Although Plaintiff argues that Martel interfered with the appeal process, Martel's "involvement" in the process, if any, was not significant and was precipitated by Plaintiff's own actions, i.e., Plaintiff initiated the meeting with Martel and mistakenly sent his notice of appeal to Martel. Plaintiff argues that it was improper for Sarawgi to speak to Martel, particularly after Martel had labeled Plaintiff a liar and a thug. The record, however, does not reflect that Martel made these comments to Sarawgi nor does the record reflect that Sarawgi had any knowledge of Martel's particular characterizations of Plaintiff when she made her decision. Plaintiff has presented no more than a conclusory allegation to support his claim that Sarawgi was somehow improperly influenced or predisposed to rule against him as a result of Martel's characterizations of Plaintiff. "Mere allegations, or conjecture unsupported in the record, are insufficient to raise a genuine issue of material fact."Thomas v. Metropolitan Life Insurance Co., 40 F.3d 505, 508 (1st Cir. 1994). The Court need not "credit purely conclusory allegations, indulge in rank speculation, or draw improbable inferences."National Amusements, 43 F.3d at 735.
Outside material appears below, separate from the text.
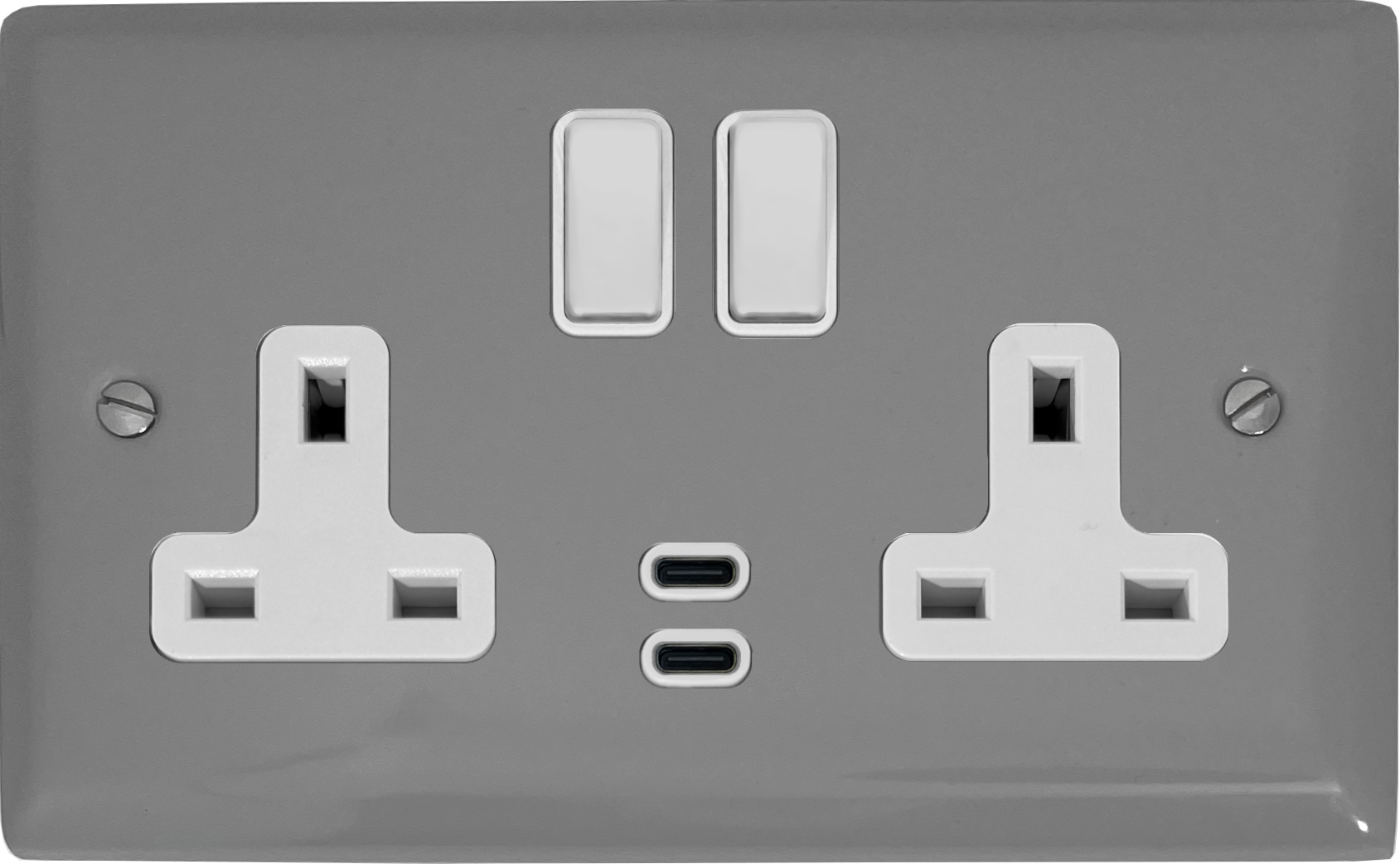 Spectrum Light Grey Double Socket with Dual USB-C (White Switches) - G+H SLG913W

In essence, the conversation between Martel and Sarawgi, consisted of Martel responding "no" when asked by Sarawgi if he saw any reason why Plaintiff's dismissal was not justified. Based upon these particular circumstances, the extent of Martel's "involvement" in the appeals process was neither arbitrary nor unreasonable. See Ross-Simons, 66 F. Supp. 2d at 329. The Court concludes that the limited conversation between Sarawgi, the appeal officer, and Martel, a Dean of the university, does not rise to the level of a breach of the duty of good faith and fair dealing as it relates to the Plaintiff's appellate rights.
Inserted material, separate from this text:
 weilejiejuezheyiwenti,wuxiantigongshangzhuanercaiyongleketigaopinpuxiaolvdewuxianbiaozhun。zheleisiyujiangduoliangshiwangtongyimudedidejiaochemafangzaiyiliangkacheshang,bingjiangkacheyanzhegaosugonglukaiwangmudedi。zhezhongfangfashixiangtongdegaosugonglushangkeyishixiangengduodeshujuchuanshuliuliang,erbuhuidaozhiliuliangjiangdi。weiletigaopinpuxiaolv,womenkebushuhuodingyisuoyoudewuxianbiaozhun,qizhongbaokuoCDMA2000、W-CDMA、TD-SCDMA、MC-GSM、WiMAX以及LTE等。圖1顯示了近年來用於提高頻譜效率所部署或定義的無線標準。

Moreover, the student handbook provides that
[t]o request an appeal, you must submit a request in writing, by hand delivery or certified mail, to the appeal officer designated in the Conduct Review Notification and Record. The request must be submitted within two business days from the date of the decision and must state clearly the basis for your appeal. Your appeal will be reviewed upon receipt, and a decision concerning your appeal will be available within a reasonable time. The decision of the appeal officer will be final.
Defendant Motion for Summary Judgment Ex. 13 at 22 (emphasis in original). The handbook does not place any specific limitation on the scope of Sarawgi's review. The handbook provides that the "appeal will be reviewed upon receipt" and that the a decision "will be available within a reasonable time." These general provisions do not limit JWU's "broad discretion" in implementing its internal appeals process in any significant manner. See generally Gorman, 853 A.2d 34; see also Schaer v. Brandeis University, 735 N.E.2d 373, 381 (Mass. 2000) (courts are "charry about interfering with academic and disciplinary decisions made by private colleges and universities") (internal quotation marks and citation omitted). The Student Affairs Office received Plaintiff's appeal on September 27, 2004, and Sarawgi rendered her decision on September 29, 2004. The Court concludes that Plaintiff received the process he was entitled to under the relevant provisions of the student handbook. Accordingly, the Court finds no breach and JWU's motion for summary judgment with respect to the breach of contract claim is granted.
For the foregoing reasons, JWU's motion for summary judgment is GRANTED.